Sukhoi Su-15 Flagon
The Su-15 aircraft combined with its Oryol-D58 radar and R-98 missiles
formed the Su-15-98 interception complex and was operated within the
Vozdukh-1 ground controlled incept (GCI) system of the Soviet
Air Defence forces (PVO). Entering service in the 1970s the modernised
Su-15TM version was equipped with
the Taifun-M radar and R-98M missiles, forming the Su-15-98M complex.
The Su-15 together with its bigger brother the MiG-25 guarded the
Soviet airspace throughout the 1970s and 1980s until gradually
replaced by the more capable Su-15TM and later the MiG-23P, which
also meant the end of further Su-15 developments.
By the end of the 1980s all older Su-15 and Su-15UT versions had been
withdrawn from service, by then also the MiG-31 and Su-27 advanced
interceptors had entered service. However most of the Su-15TM
fleet were not replaced but scrapped in the early 1990s as required
by the Conventional Forces in Europe (CFE) treaty. A total of 1290
aircraft were produced between
1966 and 1979 at the state aircraft production plant in Novosibirsk,
a small number continued service in the Ukrainian Air Force until 1996.
The aircraft was liked by its pilots for its safety, resulting from its two engines, automatic landing approach system and light handling. However it became also infamous because of its involvement in dubious shoot-downs of several civil airliners, in particular KAL007 which killed 269 civilians.
The Su-15 has a classic mid-wing monoplane layout with a highly swept
delta-shaped wing and tailplane. This layout is very similar to that
of its predeccessors Su-9 and Su-11 as well as the contemporary MiG-21.
The Su-15 different from these designs by having two engines and
lateral air intakes. This arrangement of the air intakes was needed to
enable the use of a larger antenna for the radar, needed to increase
the detection range of the radar.
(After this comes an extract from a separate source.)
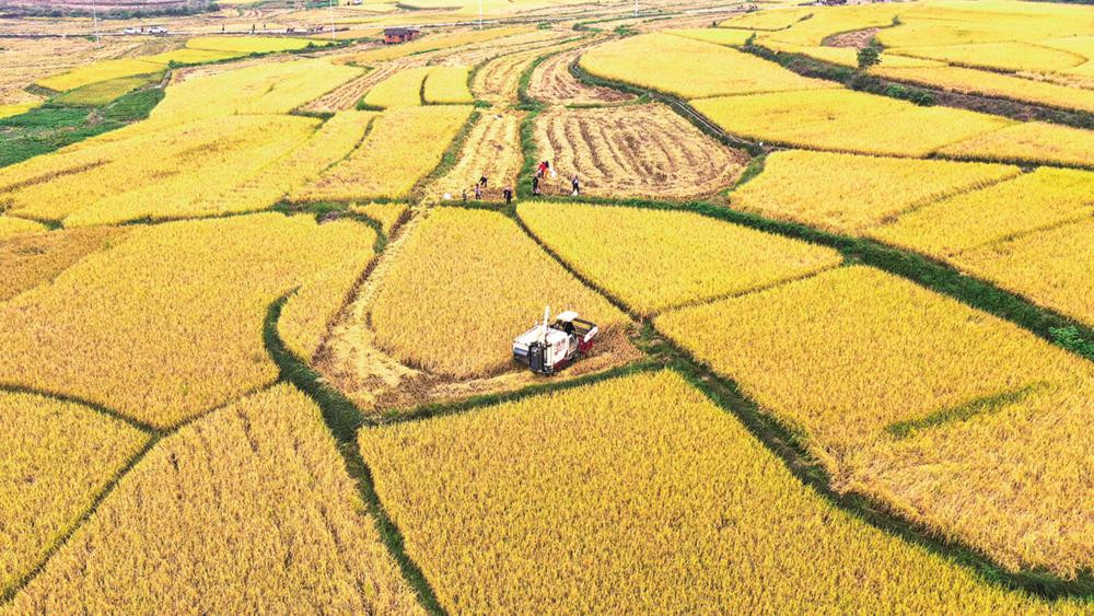 ▲10月13日,湖南省郴州市桂阳县欧阳海镇的农民驾驶农机在收割晚稻(无人机照片)。 金秋时节,各地农民抢抓农时收获农作物,田间地头洋溢着丰收的喜悦。 新华社发(唐雍钧 摄)

The R-11F2S-300
turbojet engines were arranged side-by-side. The tricycle landing gear
consisted of a front leg with a single wheel retractable into the fuselage and main carriage
consisting of single wheels, which retract inwards into the wing compartments.
Late production series Su-15 received a number of aerodynamic changes to improve handling characteristics during take-off and landing. The new wing features a greater surface area and the other sweep angle was decreased to 45 degrees, resulting in the so called 'cranked-delta'. The new wing reduced the landing and take-off speeds as well as the induced drag in flight. NATO recognised the rewinged aircraft as 'Flagon-D'.
The aircraft also received a UPS boundary layer control system and R-11F2SU-300 engines adapted to the UPS. The UPS system blowns air from the engine compressor to the surface flaps, enabling higher deflection angles of the flaps, 45 for landing and 20 degrees for take-off. However the engine compressors delivered insufficient power, and deflection remained limited to 25 and 15 degrees respectively.
Apart from new weapons and avionics, the 'second stage' Su-15T/TM received also the new R-13-300 turbojects. The R-13-300 was more poweful and slightly improved acceleration and range. It also enabled full use of the UPS system. The air intakes were slightly bigger to accodomate the greater airflow required for the R-13s. The aircraft also received a longer front undercarriage leg to improve wing incidence at take-off and reduce the danger of foreign objects damage (FOD).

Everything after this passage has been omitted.